T. BECKET ADAMS: When crazy is too crazy even for the base.

We stopped being a scientific people,” [Bill] Maher lamented of the left.

Insisted [Patton] Oswalt, “But the left certainly stayed scientific.”

“No, they didn’t,” the HBO host replied, “We started to teach: ‘Every baby is, I don’t know, let’s not even put [male or female] on the birth certificate’!”

“When were we teaching that?” asked an incredulous Oswalt, who is otherwise extremely online and opinionated about politics and the culture wars.

“Teaching it?” Maher shot back. “It was a law here in California!”

“I don’t remember that,” his guest replied, sounding genuinely surprised.

When it comes to the Democratic base, Oswalt’s reaction is not so uncommon.

During the 2024 presidential election, supporters of Democratic nominee Kamala Harris often scoffed at the allegations lobbed by Republican nominee Donald Trump. Harris’s boosters in the press and elsewhere claimed confidently that the things Trump said about Harris were merely inventions of the right-wing fever swamps.

The funny thing is: more often than not, Trump was accurately quoting Harris’s own positions back to her. It’s just that the positions themselves were too incredible for even her supporters to believe.

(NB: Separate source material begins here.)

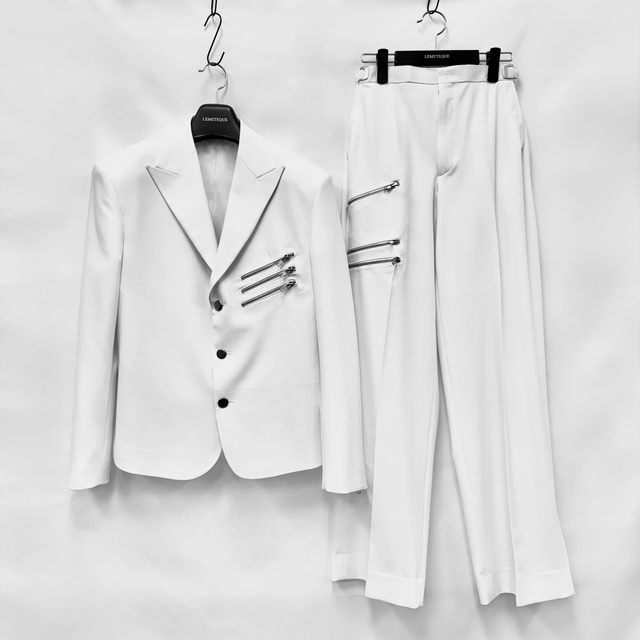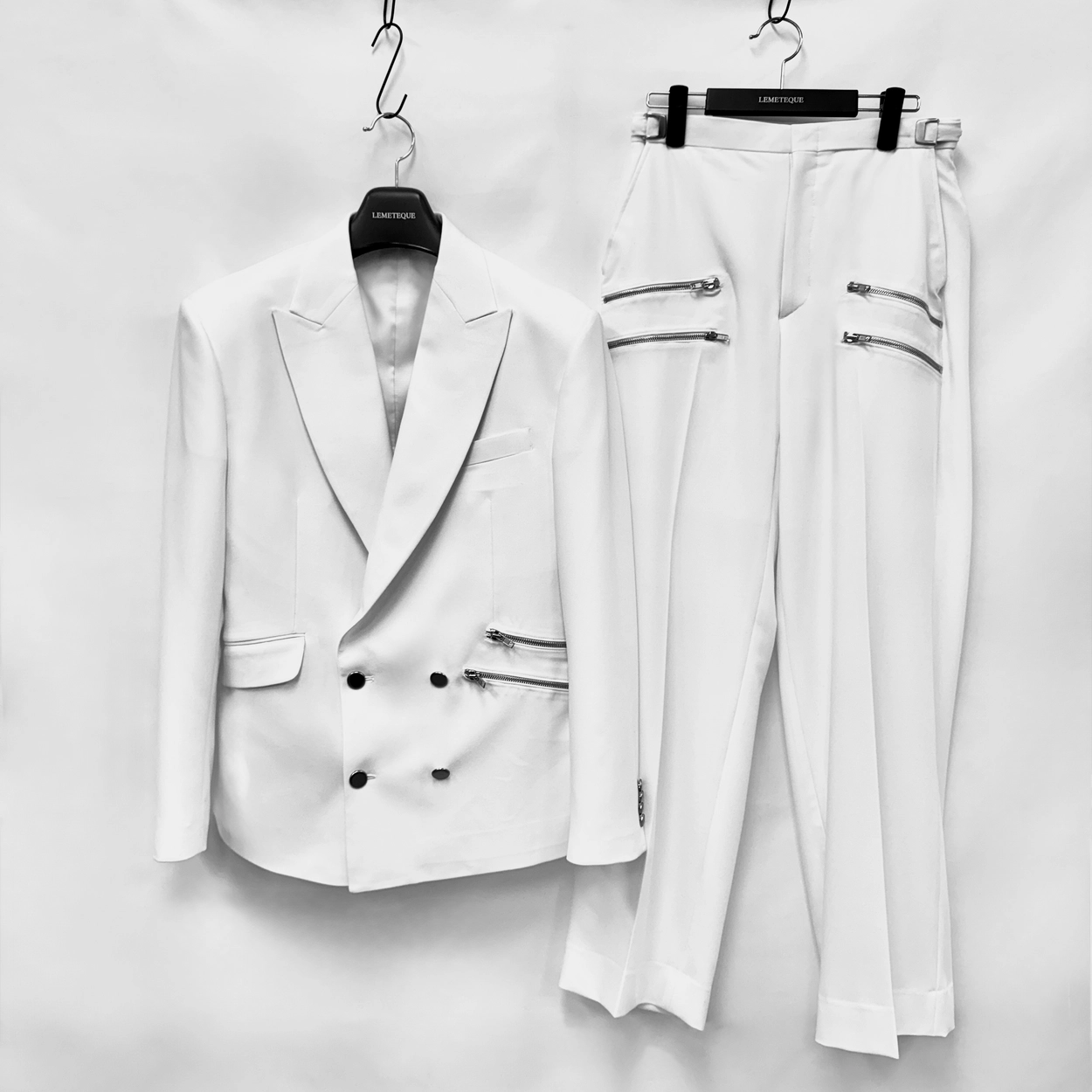 WHITE ZIP DOUBLE SUIT WITH WIDE PANTS

During a debate, Trump cited Harris’s documented support for taxpayer-funded sex-changes for illegal immigrants. This is a completely insane position for anyone to stake out, let alone a candidate hoping to win a general election. Don’t take my word for it. The New Yorker’s Susan Glasser, a reliable Democratic backer, thought the same thing. After the debate, she accused Trump of fabricating the attack line from thin air.

“What the hell was he talking about?” she wrote. “No one knows.”

Well, some of us did know, because Harris had indeed taken such a position, explaining both in writing and on camera how she had worked to get taxpayer-funded sex changes for prison inmates in California.